Monday, April 23, 2007

being a lost freak

görünen o ki levent plazalar civarında da faaliyetlerde bulunmuş dharma initiative. işte şok kanıtlar!

  1. deva ilaç binasının tepeden görünümü:
  2. kule çarşı
vay anasını sayın seyirciler :P

Friday, April 20, 2007

genç parti spotları

orada burada görmekten bıktım, ama ufaktan bir "spoof" yapmadan duramadım. ne bileyim...


Thursday, April 19, 2007

kahretsin, kahretsin...

23 nisan, bu yıl süper bir şekilde pazartesi gününe denk geldi. bu ne demek? az biraz da olsa uzun bir hafta sonu demek. bunu haber alan ösym ne yaptı sizce? benim de gireceğim 2007 bahar dönemi ales'i (eskinin les'i) 22 nisan sabahına yerleştirdi! tüm hafta sonu ile ilgili hülyalı hallerimin orta yerine dinamit!
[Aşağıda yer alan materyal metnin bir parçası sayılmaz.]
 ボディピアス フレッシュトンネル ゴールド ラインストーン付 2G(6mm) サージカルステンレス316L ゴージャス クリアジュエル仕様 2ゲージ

ösym için deli'den geliyor:

Monday, April 16, 2007

doğum günü çocuğu olmanın avantajları

öncelikle, iyi ki doğdum :P

hediyedir pastadır falan hikaye, fazla mesaiden sıyırmanın en sağlam yolu imiş meğersem doğum günü. yine de yarın ve sonraki 3-4 hafta epey zorlu olacak.
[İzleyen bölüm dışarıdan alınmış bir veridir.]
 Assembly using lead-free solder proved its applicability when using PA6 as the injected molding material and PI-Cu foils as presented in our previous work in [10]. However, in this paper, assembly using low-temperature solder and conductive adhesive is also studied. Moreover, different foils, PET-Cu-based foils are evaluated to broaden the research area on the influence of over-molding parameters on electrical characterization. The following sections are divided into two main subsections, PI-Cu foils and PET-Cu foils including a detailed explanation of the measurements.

en kötüsü, zaten kısık ateşte beklemekte olan megaprocelerim biraz daha beklemek zorunda kalacak. aklıma gelmişken, aradığım kitabı literatür'e sordurdum kaça getiriyorlarmış diye, kdv dahil 132$ diye döndüler bana! kandırdığınız çocuğu gelin beraber öpelim diyor, hayatta başarılar diliyorum. amazon'da 86$ yahu! ayıp diye birşey var...

Saturday, April 14, 2007

supermarket 2.0

her tarafta web 2.0 geyiği dönüyor farkındaysanız. olayın özet olarak temeli de kullanıcı yorumları, rating ve etiketler aslında. bunun bir süpermarkete uyarlanmış hali nasıl olur diye merak edeniniz varsa (var mıdır hakkaten), ahanda böyle olmakta:

bu arada wishlist olayına girdim, ama biri bana alsın diye değil, çıkarsa alacam ya da amerikalardan getirtecem dediğim ıvır zıvırı koyacağım buraya. ilk cihazdan başlıyorum soruşturmaya; kim getirir 22"'lik lcd monitörü amerika'dan? olsa süper olur, çünkü ytl'ye vurunca 450 liraya geliyo abd fiyatı, tr fiyatı ise 699 ytl teknosa'da (başka yerlerde belki daha ucuzdur). iphone için galiba gelecek yılbaşını beklemek durumundayım, çünkü haziran'da çıkacak ve o sıralar tanıdık pek kimse kalmaz diye düşünüyorum oralarda. zaten bir ürünü ilk alanlardan olmamak, bug fix'leri, firmware güncellemelerini bekleyip öyle almak, ürünün olası tüm sorunlarıyla peşisıra karşılaşmamak lazım.

Wednesday, April 11, 2007

inanc blog

sabah sabah maillerime bakarken inanc lisesi blog'una davet edildiğimi gördüm. her kim nasıl şeetmişse iyi şeetmiş, kutlarım kendilerini.

fazla mesai...

işte (iş'te) üzerine kastığımız projenin deadline'ı yaklaşık 1 ay geriye alındı; önemli bir toplantıya yetişmesi gerekiyormuş zira. bu ne demek? hayyyvan fazla mesai demek. yalnız bitince kastığımıza değer birşey çıkacak ortaya, orası kesin.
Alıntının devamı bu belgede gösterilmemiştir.